Davacı —– kardeşinin desteğinden yoksun kalmasına ilişkin olarak Mahkememizce verilen ilk karar yönünden davalı yanın temyiz istemi kesinlik sınırın altından kaldığından bahisle reddedildiği, davacılar tarafından da hükmün temyiz edilmediği, bu hali ile Mahkememizce verilen ilk kararın işbu alacak istemi yönünden kesinleştiği anlaşıldığından, bu hususta yeniden bir karar verilmesine yer olmamıştır.
Her ne kadar bozma ilamında muris — işletilen — elde edilen gelirin davacıların tazminat alacağından düşülmesi gerektiği belirtilmiş ise de, bozma ilamında sonra davacılar vekilince, murisin vefatından sonra murisin kendisine ait olan fotoğraf stüdyosunun kapatıldığı beyan edilmiş, mahkememizce bu doğrultuda ilgili ——- müzekkere yazılmıştır. Verilen müzekkere cevabında muris ——– faaliyeti ile şube iş yeri olan kuaför faaliyetinden kayıtlı işletmelerinin, —tarihinde yapılan başvuru neticesinde —-tarihi itibariyle ölüm halinde terk işlemi yapıldığı belirtilmiştir. Bu hali ile murisin vefatı ile —– kapatıldığı anlaşılmakla, davacıların elde etmeye devam ettiği bir gelir bulunmadığından, tespit olunan tazminattan indirilmesi gereken bir tutar bulunmadığı anlaşılmıştır.

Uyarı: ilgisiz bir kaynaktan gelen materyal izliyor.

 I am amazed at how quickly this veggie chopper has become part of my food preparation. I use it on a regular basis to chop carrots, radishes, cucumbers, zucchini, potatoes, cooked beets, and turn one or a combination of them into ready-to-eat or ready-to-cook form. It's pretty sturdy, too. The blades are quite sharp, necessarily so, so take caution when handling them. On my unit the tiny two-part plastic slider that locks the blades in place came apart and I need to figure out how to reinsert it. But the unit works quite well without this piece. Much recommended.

Her ne kadar davacılar vekilince yeniden aktüer raporu alınması istenilmiş ise de; mahkememizce verilen ilk kararın davacılar tarafından temyiz edilmediği, davalı lehine usulü kazanılmış hak oluştuğu dikkate alınarak, mahkememizce verilen ilk karardaki tutarlar üzerinden hüküm kurulmuştur.

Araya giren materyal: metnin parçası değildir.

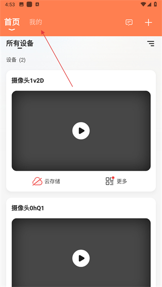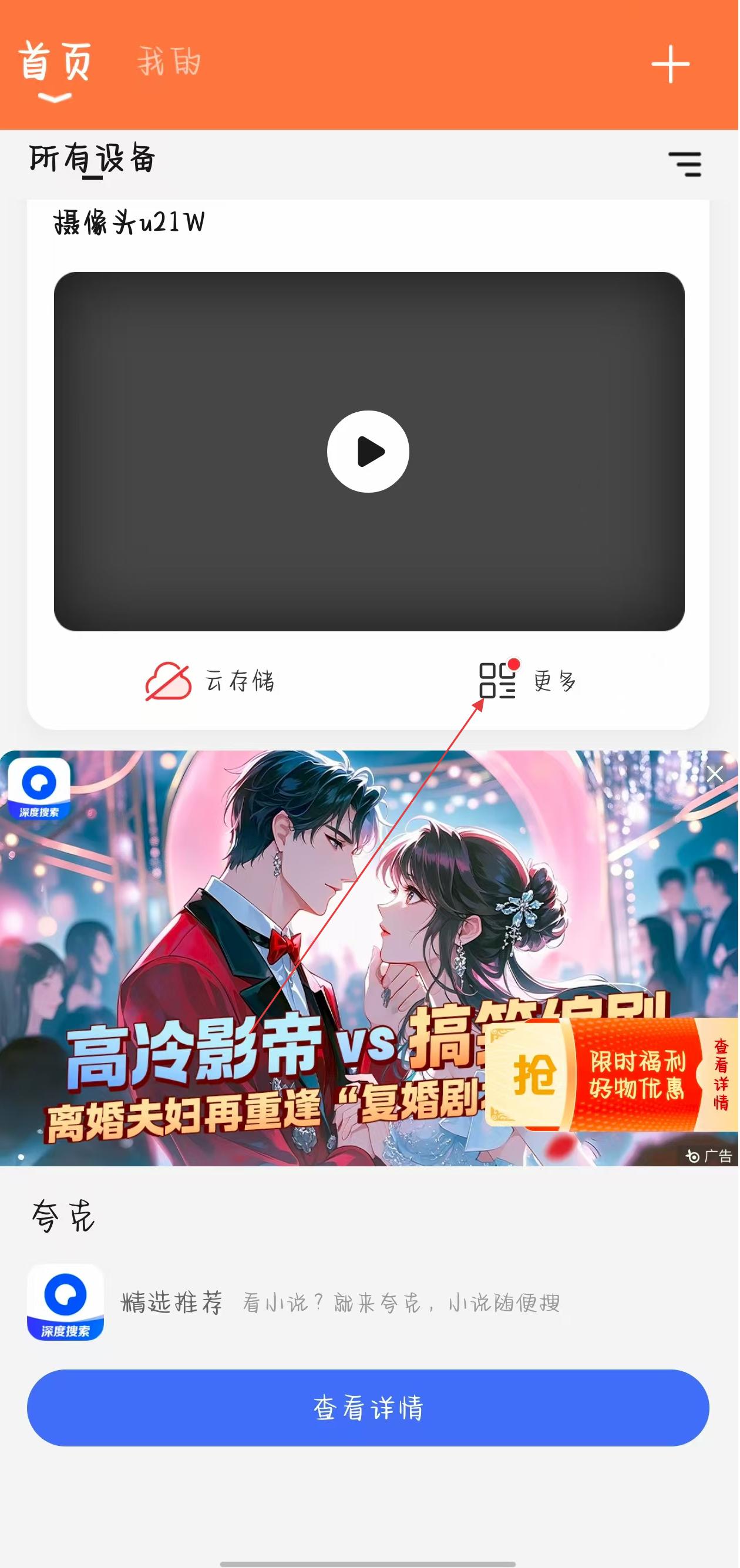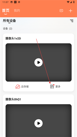 1、打開(kāi)喵眼精靈應(yīng)用,在首頁(yè)的所有設(shè)備板塊中,找到需分享的設(shè)備,點(diǎn)擊卡片右下角的更多按鈕。

Davacılar tarafından davadan önce davalı sigortaya başvuruda bulunulduğu ve davalı –tarafından davacılara kısmi ödeme yapıldığı, — vefatı nedeniyle davacılara — tarihinde, — vefatı nedeniyle davacılara ——— tarihinde ödeme yapıldığı, anılan kısmi ödeme tarihleri itibariyle davalı sigortanın temerrüde düştüğü, tespit olunan alacak miktarına işbu tarihlerden itibaren sigortalı aracın hususi araç olması nedeniyle, bozma ilamında da belirtildiği üzere, yasal faiz talep edilebileceği kanaatine varılmıştır.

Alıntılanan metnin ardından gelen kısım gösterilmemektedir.